The transition to learning golf was seamless for Green. “The two sports that I played right-handed when being naturally left-handed, were golf and softball. I really enjoy these two sports now along with tennis with my 7-year-old son Daniel.” Daniel is the blessing that she prayed for in Iraq 10 years earlier. The biggest adjustment was finding the right adaptive equipment to allow her to play comfortably.
The Benefits of REUNION
Danielle has attended Tee It Up for the Troops REUNION (a program that reunites combat veterans and uses golf as a basis for rehabilitation) for several years. “The very first REUNION that I attended followed the passing of my husband, Willie, in 2011,” Green said. “The event took my mind off my recent loss and allowed me to connect with warriors who I had not seen since 2005 at Walter Reed Hospital. The next REUNION events I attended were in 2014 and 2018, in hopes of staying connected with other veterans, meeting old and new friends, meeting other female veterans, networking, and improving my game. REUNION is one of the few opportunities that I have to be with a community of veterans with common experiences.”
Golfing and Feeling “Alive”
“My prosthetic arm gives me the ability to function as an able-bodied person just like most individuals on the course,” Green said. “I do not think about what I lost; I think about competing to the best of my ability. The ability to engage and find comfort with others on the course is what makes me feel alive.”
The sport of golf means a lot to Green. “The game of golf gives me hope. The game of golf reminds me of how precious life can be. The game of golf allows me to cultivate new relationships and develop a deeper appreciation for life as I reflect on my near-death experience in 2004,” Green explained.

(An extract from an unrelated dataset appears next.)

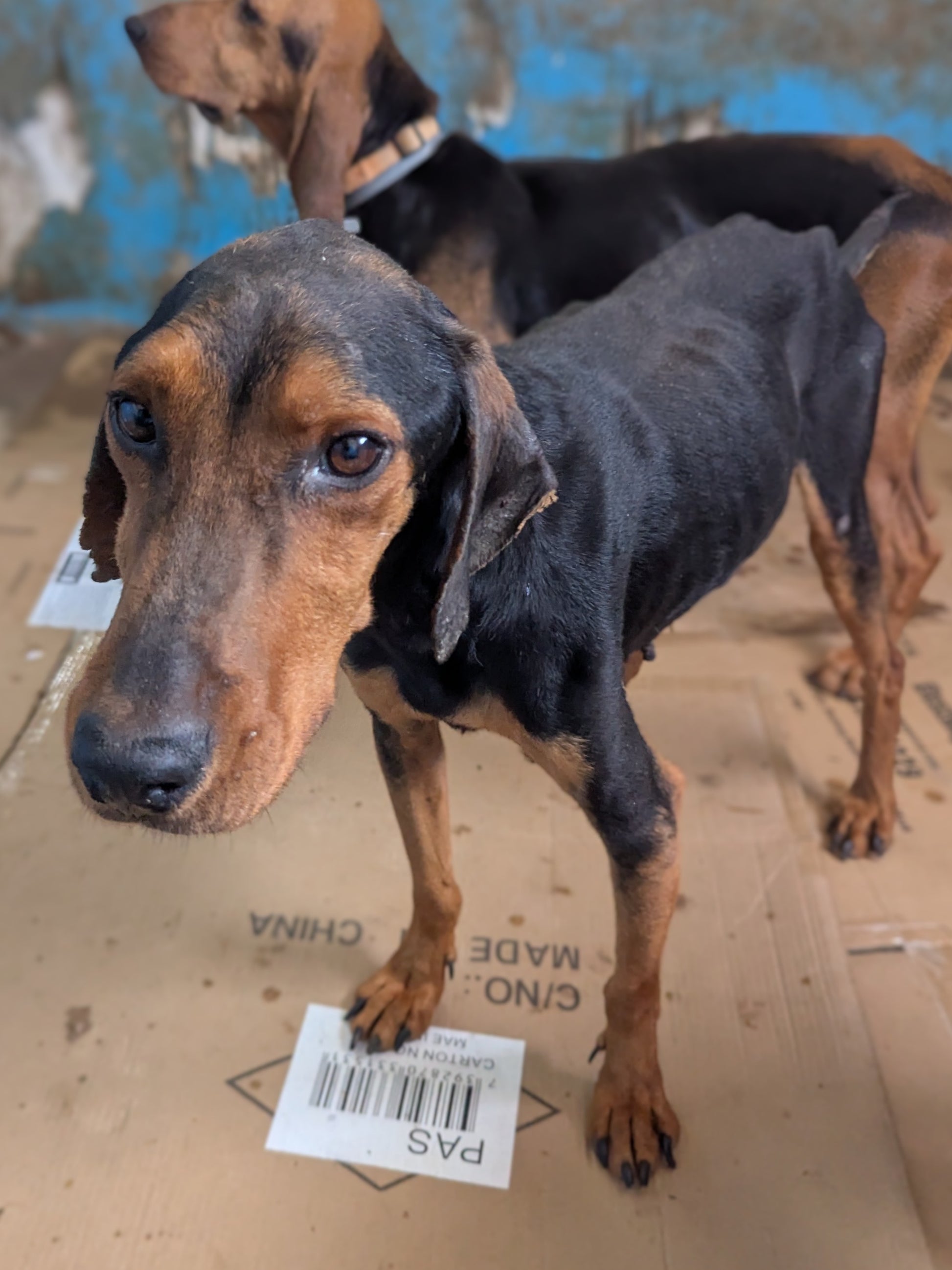 Среднего размера мальчик метис охотничей породы чёрного с рыжим окраса. Худощавый, с крупной головой. Дружелюбный, застенчивый, но любит внимание человека

“When individuals experience catastrophic injuries like myself, it is easy to hide from society. The game of golf allows me to showcase my talent despite the loss of a limb. In addition, I can engage with other warriors and meet different people from all walks of life,” added Green. “It is delightful to hear where people are from and why they are giving.”
Why Get Involved with Tee It Up for the Troops?
Danielle feels it’s important for people to get involved to fill in the gaps where there are immediate financial needs. “You want to be a part of an organization that is transparent and that has a core group of solid individuals running the program,” Green said. “All of us are meant to serve others in some capacity… this is what makes the world go around. All of us cannot serve in the military so getting involved with Tee It Up for the Troops can help people fill that void in their life of service or give back to a worthy cause. It shows veterans and their family members that people truly care about their service and sacrifice.”
If you would like to serve others or give back and change the lives of veterans like Danielle and their families, donate here or get involved in one of our events here.
A True American Hero
Veteran Danielle Green is a Purple Heart recipient. She also received the 2015 Pat Tillman Award for Service, an ESPY Award (Excellence in Sports Performance). Danielle now lives in Florida with her son, Daniel, and partner Robert Thomma.
We at Tee It Up for the Troops have much admiration for Veteran Danielle Green and her awe-inspiring journey that we can all learn from.